# **Homework 03: Machine Learning**
## Going Down the EECS Stack Decal, Spring 2024

In lecture, we talked about a variety of common machine learning methods, their advantages and disadvantages, and how they can be utilized to help us make sense of data. We specifically talked about two broad types of ML: supervised and unsupervised.

### Before we get started, in case you're not familiar with Jupyter Notebooks, you can read more about them [here](https://jupyter-notebook-beginner-guide.readthedocs.io/en/latest/what_is_jupyter.html). At several points you'll be asked to run the code within a cell or write a response. To do so for both, just click anywhere in the cell, make your changes, and hit `shift` + `enter/return`. For this homework, you will not have to do any coding yourself, but you will have to answer some short questions. Anything labeled with "Answer" requires a response.

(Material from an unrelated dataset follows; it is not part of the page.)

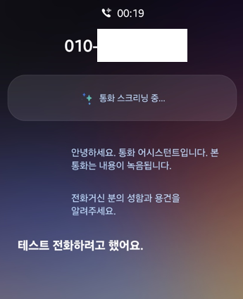 갤럭시 스마트폰에서 통화 스크리닝 기능을 활성화하면, 전화하면 바로 아래처럼 통화 스크리닝 모드가 활성화되고, AI음성으로 전화거신분의 성함과 용건을 알려달라고 메시지가 나옵니다.

In this assignment, we'll be introducing another broad category of ML known as **Reinforcement Learning (RL)**. RL is a training method that rewards desired actions and punishes undesired actions to achieve some goal.

RL is not too different from how a dog learns to do tricks. If Fido rolls over when told, he gets a treat and is more likely to roll over in the future. But if he decides to sit when told to roll over, he won't get a treat (negative reinforcement), and won't sit in the future when told to roll over. 

In this scenario, Fido is what's known as an **"intelligent agent."** He's learning what actions to take (rolling over, sitting, etc.) based on a **reward function** (whether he gets a treat or not). More generally, the agent performs some action that makes a change to the environemnt to reveal a new state. A reward function is calculated based on this new state, and the agent considers both the reward and state that resulted from the previous action to decide if they should continue to perform that action or try something new. 

![rl_diagram](rl_diagram.png)

**RL can essentially be broken down into 6 simple steps:**
1. Observe the environment
2. Decide how to act using some strategy
3. Act accordingly
4. Receive a reward or penalty
5. Learn from the experiences and refine strategy
6. Iterate until an optimal strategy is found

### Uses

Reinforcement Learning is the type of machine learning that most closely mimics how humans learn, which offers some unique advantages. It's most commonly utilized in fields like robotics, natural language processing (NLP), and marketing. 

## **Q Learning**

In this assignment we'll specifically be discussing an algorithm known as Q learning. Q Learning is known as an *Off-Policy* algorithm, meaning it doesnn't follow some pre-determined policy, and instead starts off by taking random actions to eventually learn the best action to take in each state. 

While Fido uses his brain to store information about treats and rolling over, we will take a more minimalist approach and us a simple 2D array known as a **Q Table**. This table keeps track of how favorable an action-state combination is in terms of rewards. Each column corresponds to a different action, and each row corresponds to a different state of the environment. As you can imagine, that means Q Learning is best suited for situations in which the action and environment spaces are both discrete and small, so the Q Table doesn't grow too large. 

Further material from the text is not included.